(Prompt)
Find the line with "一进大安森林公园,人们即被这" in the records below, then please transcribe it and every later line exactly, omitting the pictures and adding nothing.

== Input data

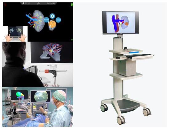 However, today, pure laparoscopy still represents the most common surgical approach in urology, meeting continuous attempts of renewal and technological updating with the introduction of new laparoscopic instruments and new cameras, aiming to obtain ever more detailed images of the intraoperative field [7,8,9]. However, the application of real-time use of 3D models during laparoscopic surgery remains anecdotal. Some pioneering experiences have been published regarding the use of 3D models also in this setting [10], but an extensive adoption and application of this technology has been limited due to the difficult interaction between the scrubbed surgeons and the surgical navigation tools. With the aim to make the 3D technology usable both for robotics and laparoscopy, thanks to the collaboration with Medics3D’s (https://www.medics3d.com, accessed on 1 March 2022) bioengineers we have developed a specific platform for 3D models management and navigation, named ICON3DTM (Intraoperative Cognitive Navigation), which ensures online cloud access to the 3D models and, thanks to a dedicated rack, allows surgeons to exploit independently the virtual reconstructions from preoperative planning to intraoperative cognitive navigation or augmented reality surgical procedures. The aim of this study was to evaluate the surgeons’ perceptions and usability of ICON3DTM platform for robotic and laparoscopic urological surgical procedures.
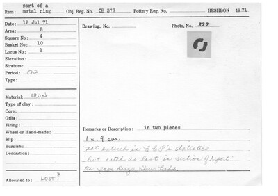 Not entered in EEP's statistics but noted as lost in section of report on Iron Rings, Two Ends
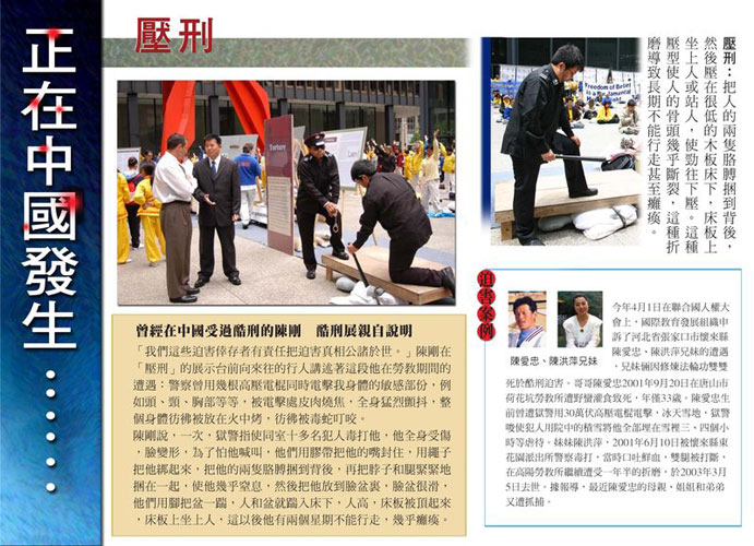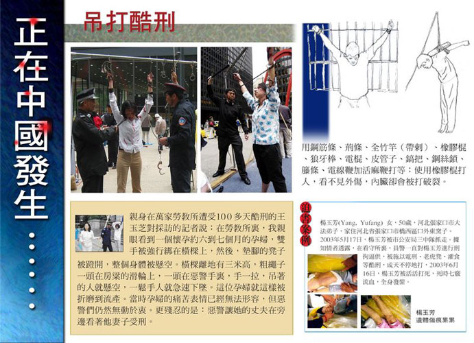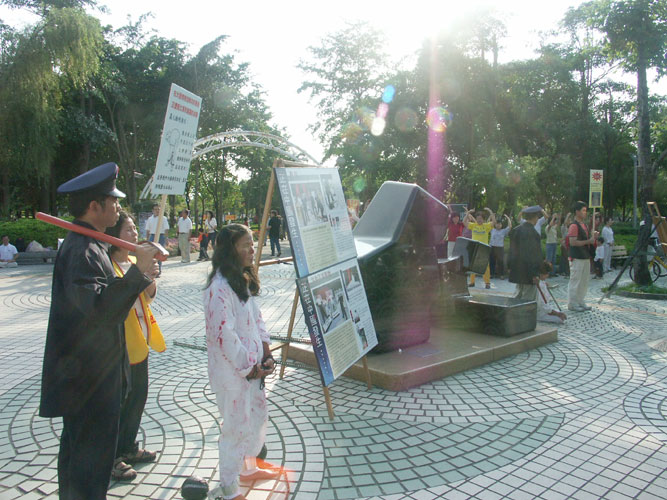 一进大安森林公园,人们即被这惨烈的场面所震惊,一幅幅酷刑展板,诉说着法轮功修炼者为坚持真理而承受巨大苦难的故事。
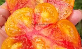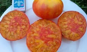 В менее освещенных частях кисти полосы могут быть бледнее или немногочисленнее. Эта вариабельность делает каждый томат уникальным. На разрезе мякоть часто неоднородна: желтая основа может быть пронизана красными прожилками, создавая эффект мраморности, что напрямую связано с описанной внешней окраской.
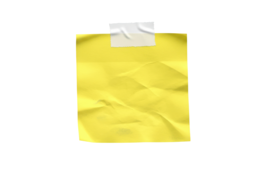 A crumpled yellow sticky note with white tape attached, isolated on a transparent background

====

(Result for this task)
 一进大安森林公园,人们即被这惨烈的场面所震惊,一幅幅酷刑展板,诉说着法轮功修炼者为坚持真理而承受巨大苦难的故事。
 В менее освещенных частях кисти полосы могут быть бледнее или немногочисленнее. Эта вариабельность делает каждый томат уникальным. На разрезе мякоть часто неоднородна: желтая основа может быть пронизана красными прожилками, создавая эффект мраморности, что напрямую связано с описанной внешней окраской.
 A crumpled yellow sticky note with white tape attached, isolated on a transparent background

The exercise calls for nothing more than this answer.